Just a few weeks after the Forbes’ story, I received some new issues of magazines in the mail (yes, we actually still receive snail mail!) to which our family subscribes. These issues show the real future of innovators in our country: hold up Entrepreneur Magazine (Oct-Nov. 2019 issue: 100 Powerful Women) and Inc. (October 2019 issue, 100 Female Founders).
This conversation in the public sphere made me realize that we must do more here at William Smith to feed that pipeline so that the future issues of Forbes magazine’s “Top 100 Innovators” list has many more women! And, we are doing that here at the Colleges. Our outstanding Entrepreneurial Studies program is almost 1/3 WS students now and growing, according to our own Professor Talmage who joins us tonight. In fact, he and the Entrepreneurial Studies program hosted a special event last night to encourage WS students to enroll in the ENTR courses and to consider this minor as well. We can indeed increase the pipeline, and for this Founder’s Day, we pay special tribute to the long history and current successes of William Smith alums who are creators, innovators and trailblazers.

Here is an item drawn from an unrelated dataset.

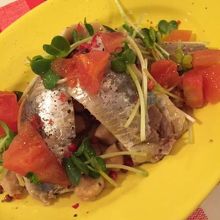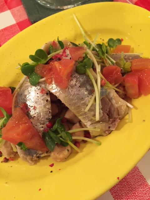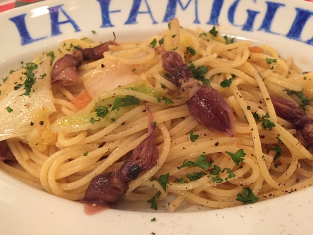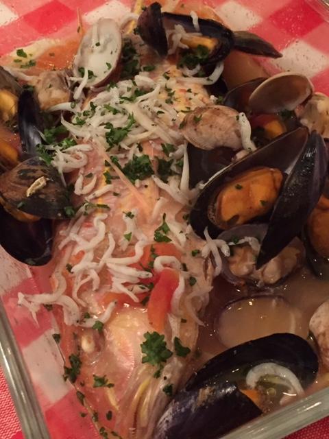 今回はイワシのマリネ、ホタルイカのオイルパスタ、生ハムサラダ、魚介たっぷりのアクアパッツァを注文しました。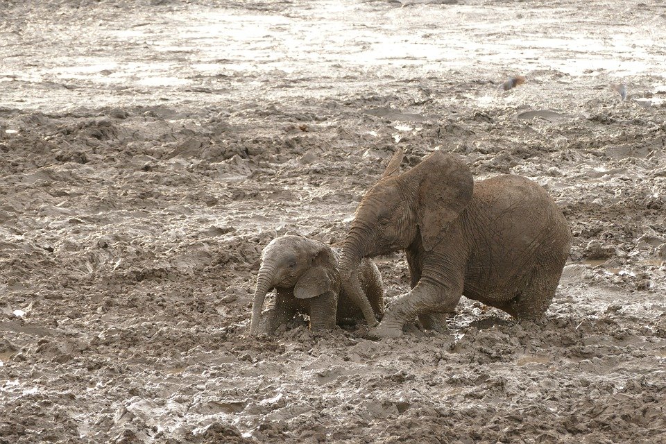 Gajah Afrika yang Sedang Mandi di Sungai Berlumpur image via pixabay.com

And, this leads me to my introduction of our next speaker: we are very fortunate to have an innovative leader with us, a person who is indeed blazing a trail right here at the Colleges as our first female president of Hobart and William Smith. She is a well-known scholar in Economics and a deep and careful thinker. I was reading an article recently on the most important characteristics of successful leaders and recognized our new president in this list: She is highly intelligent (watch her Inauguration speech, if you were not there in October) and a person of character and personal integrity. She has a high energy level and seems to genuinely enjoy getting to know others. And, most importantly, as the article about noted: she has a vision and a wonderful sense of humor! Please join me in a very warm welcome for our own President Joyce Jacobsen.